Eu era influenciado por Alex Raymond (perdão!). Dava muito trabalho, era lento para desenhar e rápido no texto. Pesquisa era difícil na época. Decidi fazer Zumbi sem pesquisa iconográfica como na Marcha. Pensei em Tarzan. Mas o texto questionava o suicídio de Zumbi. Copiei uma carta do governador de Pernambuco dizendo como Zumbi foi traído e morto numa caverna. Até hoje os livros clássicos de História do Brasil como Rocha Pombo, são reimpressos com a balela do suicídio. Já imaginaram? Os quadrinhos perseguidos e contestando os marajás da nossa História?
Tudo era feito em nanquim?
Sim. E papel importado, Schoeler. E pincel Winsor & Newton.
Onde produzia seus desenhos, tinha um estúdio próprio?
Estúdio em casa ou na redação dos jornais.
Como foi montar a Primeira Exposição Internacional de Histórias em Quadrinhos (junto com Jayme Cortez, entre outros), em 1951, na cidade de São Paulo? Como surgiu a ideia e do que se tratava?
Foi uma loucura. Eu que falava e escrevia em inglês, tive a ideia de escrevermos para os artistas americanos pedindo originais com a desculpa de fazer uma exposição. Um deles, não lembro quem, disse que era a primeira vez que alguém pedia para pendurar na parede um desenho seu. Descobrimos que éramos pioneiros…
Como foi a receptividade desta exposição?
Éramos da imprensa, teve cobertura no Rio e em São Paulo, na pioneira TV Tupi (para quem eu desenhara os letreiros do show inaugural do dia 18 de setembro de 1950).
Como define seu traço?
Um Alex Raymond fracassado.
Qual foi o período de ouro na produção e leitura das HQs nacionais?
Anos 30.
Por que ninguém, aqui no Brasil, consegue fazer frente à Turma da Mônica?
Mauricio e Ziraldo vieram beneficiados pela nossa eterna luta pelos quadrinhos nacionais e pela linguagem revolucionária dos comics.
Esse monopólio não é ruim para o país?
Pelo contrário.
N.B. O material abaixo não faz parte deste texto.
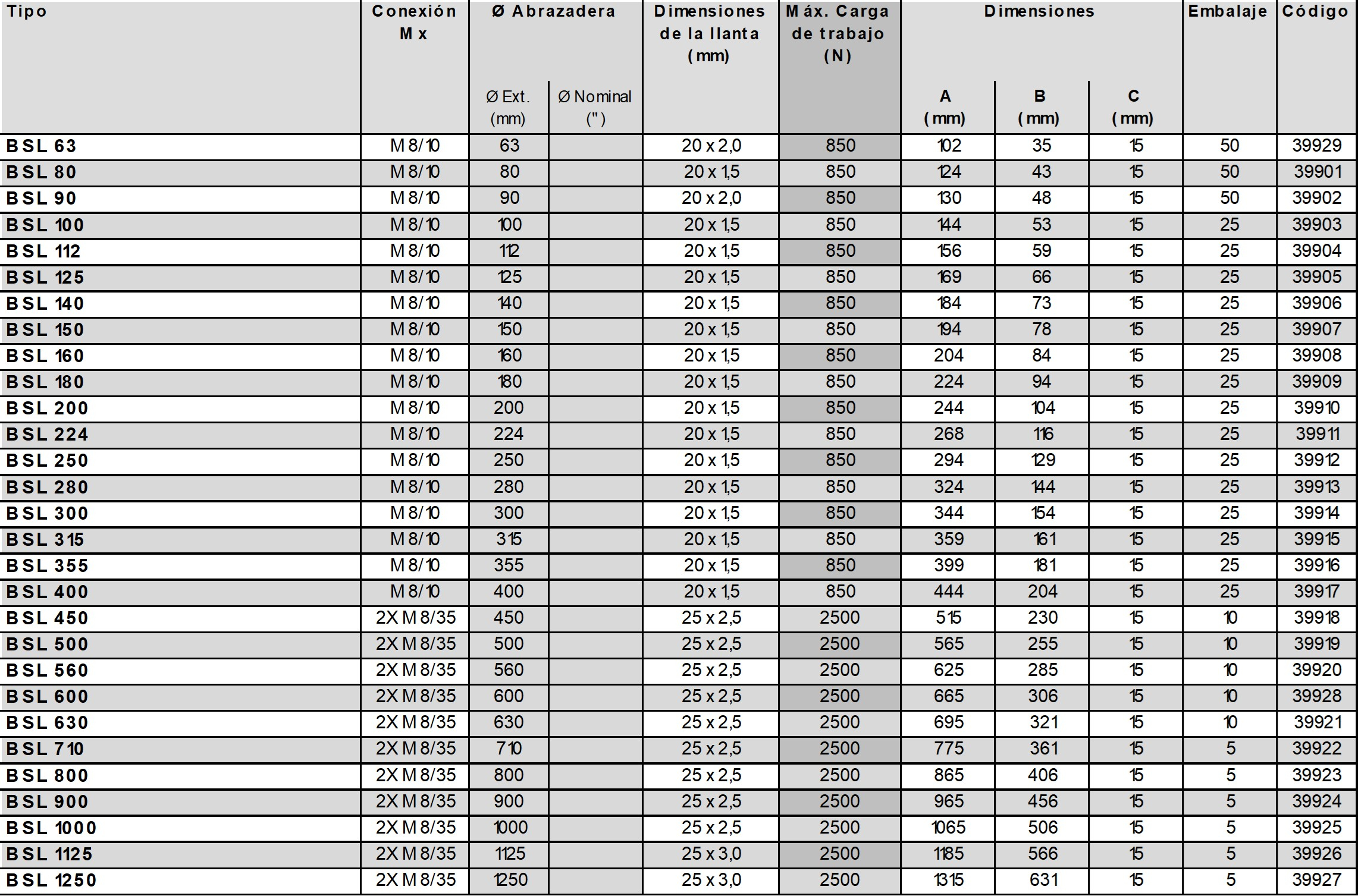 BSL Abrazadera para CONDUCTOS sin aislamiento

Mauricio há muito vende mais que Disney. Ziraldo tem mais prestígio internacional que aqui. O mercado provou que os editores do meu tempo eram cegos.
Acredita que podemos criar uma indústria de HQs no Brasil?
A única indústria cultural é a televisão. Graças à Tupi, Record, Excelsior e Globo.
Ainda há preconceito contra as HQs?
Infelizmente, sim.
O que é mais importante: seu trabalho como acadêmico ou como desenhista?
Nenhum dos dois. Apenas como lutador pelo reconhecimento dos quadrinhos como arte.
Que nota você se daria como desenhista?
Não gosto do meu trabalho como desenhista ou autor de quadrinhos. Gosto do que fiz na TV Excelsior. Nos escritos sobre cinema, onde trabalhei na produção, distribuição na Polifilmes, no cinema como exibidor no cine Marachá e sessões malditas, filmes que programei nas televisões. Gosto dos livros Shazam! E Gloria in Excelsior. A nota como desenhista, na minha opinião é muito baixa. Melhor ver as opiniões dos outros.